Confessions of a Cheapskate

[My husband informs me that I talk too openly about things like poo, pee, vomit, and other personal matters. So, to avoid shocking anybody who has come here to read about cake, triathlon training, or the cutest dog in the universe, I am hereby issuing a TMI warning. If you're easily grossed out by bodily functions, you might want to skip this post. The rest of you sickos, read on.]

I recently posted about my new coffee obsession, and the fact that I am a much nicer person in the morning after I've had a cup or, let's be honest, two. I used to scoff at all the caffeine junkies lining up outside Starbucks for their jolt of java, but I'm sad to say that I'm now one of those addicts. Though Starbucks (yuck!) isn't what did me in. No, I blame Hines Public Market Coffee for initiating the downward spiral. I was always satisfied with green tea until an innocuous looking bag of Hines beans and a French press proved just how delicious coffee can be.

Besides making me perky, coffee drinking has another side effect: it gets things moving, if you know what I mean. And normally I view this as a good thing. It's really quite satisfying to get the daily constitutional over and done with and go on about my day. The one problem is timing. I'm never really quite sure just when nature will call, whether it will be two sips into the first cup or halfway through the second.
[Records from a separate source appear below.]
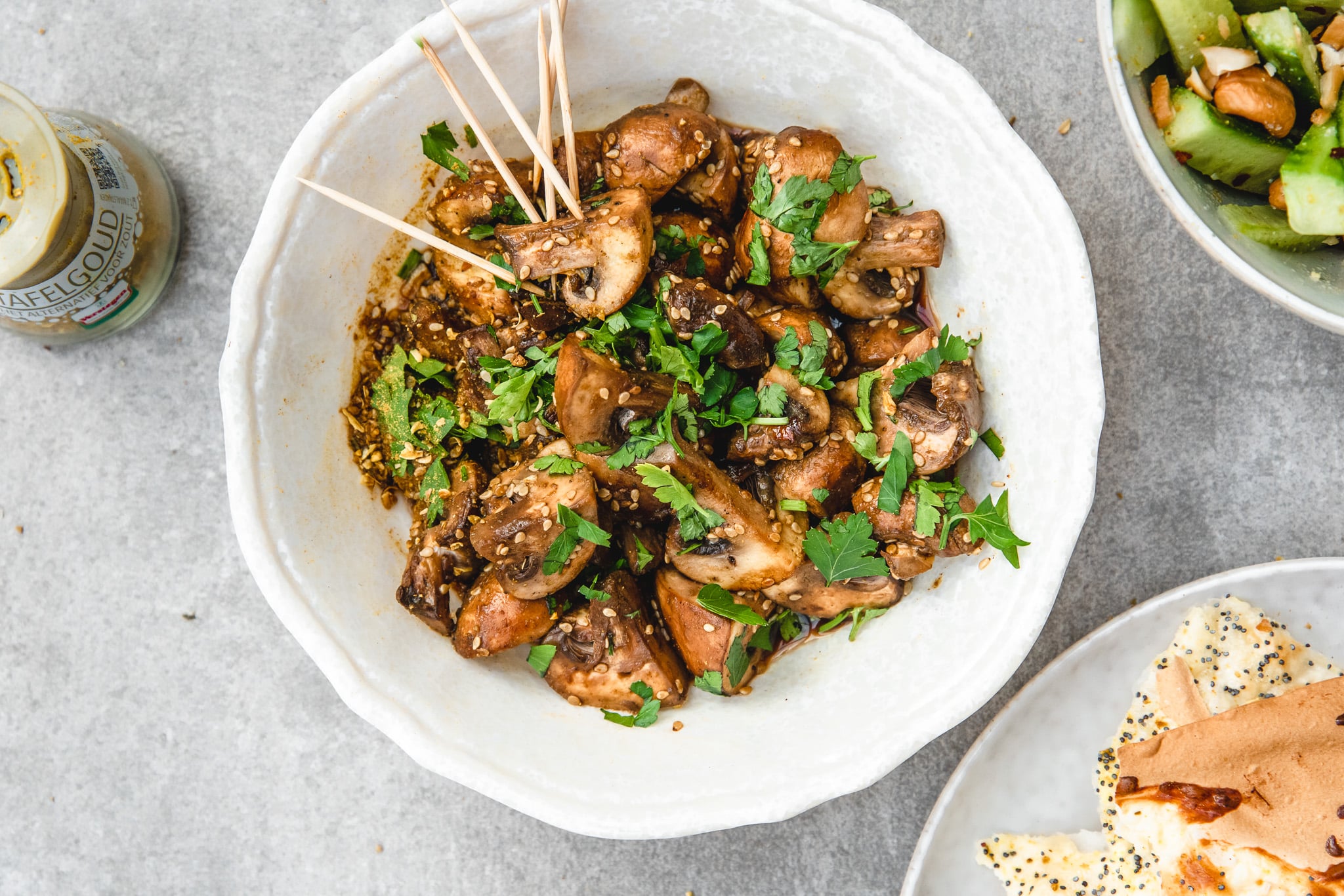 – Verwarm vervolgens een scheutje olie in een koekenpan en doe hierna de champignons in de pan, gevolgd door de ketjap Manis, 1 tl Keukengoud en tenslotte de sesamzaadjes. Bak vervolgens even op hoog vuur tot de champignons goudbruin kleuren, zet hierna het vuur lager en bak de champignons vervolgens nog 5 minuten.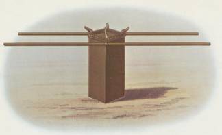 - l’autre avec seulement deux anneaux situés à deux angles opposés de l’autel carré ; les barres sont parallèles à une diagonale de l’autel.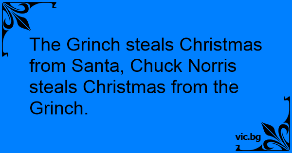 The Grinch steals Christmas from Santa, Chuck Norris steals Christmas from the Grinch.

Because I work from home, this inconsistency isn't normally a problem, except for days like today when I have an early morning meeting on the calendar.

I think you probably know where I'm going with this by now, so I'll just cut to the chase and tell you that during this morning's teleconference I was faced with an extraordinarily urgent need to...drop the kids off at the pool. And not to be crass, but the kids couldn't wait. And I have to say that while you're trying to lower yourself gently so that the sound of the bum hitting the seat remains inaudible to your colleagues is not the ideal time to discover that your cordless telephone lacks, of all things, a mute button.

Oh I tried to do my business quietly, I tried to cover the phone's microphone with my finger, I tried coughing and pencil tapping to disguise any errant sounds. But about halfway through the...evacuation...one of the people on the line paused mid-sentence to say, "Is my audio okay for you guys? Cause I'm using this new headset and I seem to be picking up a lot of...outside noises." Now I don't know about you, but I'm pretty sure I know what he meant. And I'm pretty sure that if he heard "outside noises," everybody else on the telecon heard them too. Despite my desperate attempt at control. Despite my finger across the microphone.

If there is a moral to this story, it must be LISTEN TO YOUR HUSBAND. Because even though you want to cheap out on a basic phone, even if you don't think you will need any of those fancy, over-priced features, your husband is right when he says that someday you might. Someday your coffee might be a little stronger than usual. Someday you might need to release the hounds with a quickness. And, who knows, someday you might just think that little mute button is worth every last penny.

2 comments:

Tritanium said...

That's Hillarious Kirsti!!!
My 2 cents:
1. Don't ever be afraid to discuss taboo subjects, that's what makes peopel interesting. IMHO
2. Always buy the gadgets you can afford. Maybe it's a guy thing ;-)
Cheers Guys - R

Anonymous said...

I have also become an addict in the last year. Never liked the stuff before and not sure why I do, but I gotta have it. Yes, it moves things along in my body too!